§ Task to carry out
A faithful copy is required: transcribe each line below exactly, minus the pictures.

━━━ Information provided ━━━

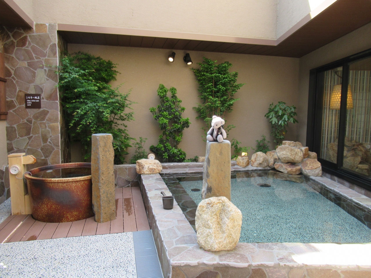 - 内風呂は別府の運び湯。露天風呂、サウナ、シルキーバスあり
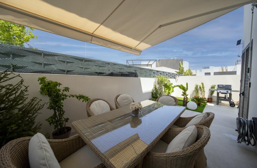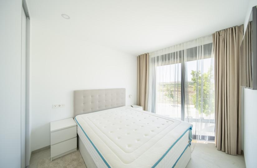 Deze volledig gemeubileerde woning is ontworpen voor moeiteloos wonen en biedt modern comfort met een strakke, eigentijdse uitstraling. De woning werd opgeleverd in 2024 en beschikt over twee ruime slaapkamers met inbouwkasten, twee stijlvolle badkamers – waarvan één met inloopdouche – en een open keuken met eethoek met uitzicht op het zwembad. De woning staat op een privéperceel van 150 m², compleet met een tuin, parkeergelegenheid en een barbecueplek. Stap buiten op het gemeubileerde terras met een uitschuifbaar zonnescherm of ontspan op uw eigen dakterras met panoramisch uitzicht. Deze villa is volledig uitgerust met airconditioning, een alarmsysteem, camera's en bewegingssensoren en is instapklaar.
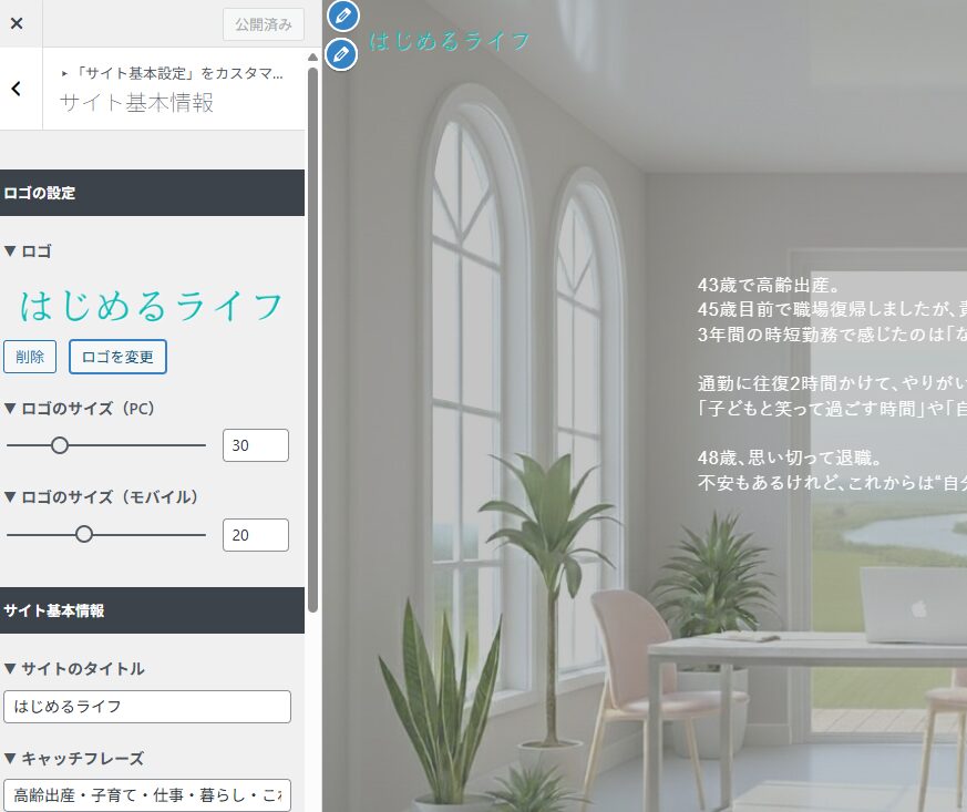 ロゴ・サイトタイトル・キャッチフレーズ設定

━━━

§ Finished task
 - 内風呂は別府の運び湯。露天風呂、サウナ、シルキーバスあり
 Deze volledig gemeubileerde woning is ontworpen voor moeiteloos wonen en biedt modern comfort met een strakke, eigentijdse uitstraling. De woning werd opgeleverd in 2024 en beschikt over twee ruime slaapkamers met inbouwkasten, twee stijlvolle badkamers – waarvan één met inloopdouche – en een open keuken met eethoek met uitzicht op het zwembad. De woning staat op een privéperceel van 150 m², compleet met een tuin, parkeergelegenheid en een barbecueplek. Stap buiten op het gemeubileerde terras met een uitschuifbaar zonnescherm of ontspan op uw eigen dakterras met panoramisch uitzicht. Deze villa is volledig uitgerust met airconditioning, een alarmsysteem, camera's en bewegingssensoren en is instapklaar.
 ロゴ・サイトタイトル・キャッチフレーズ設定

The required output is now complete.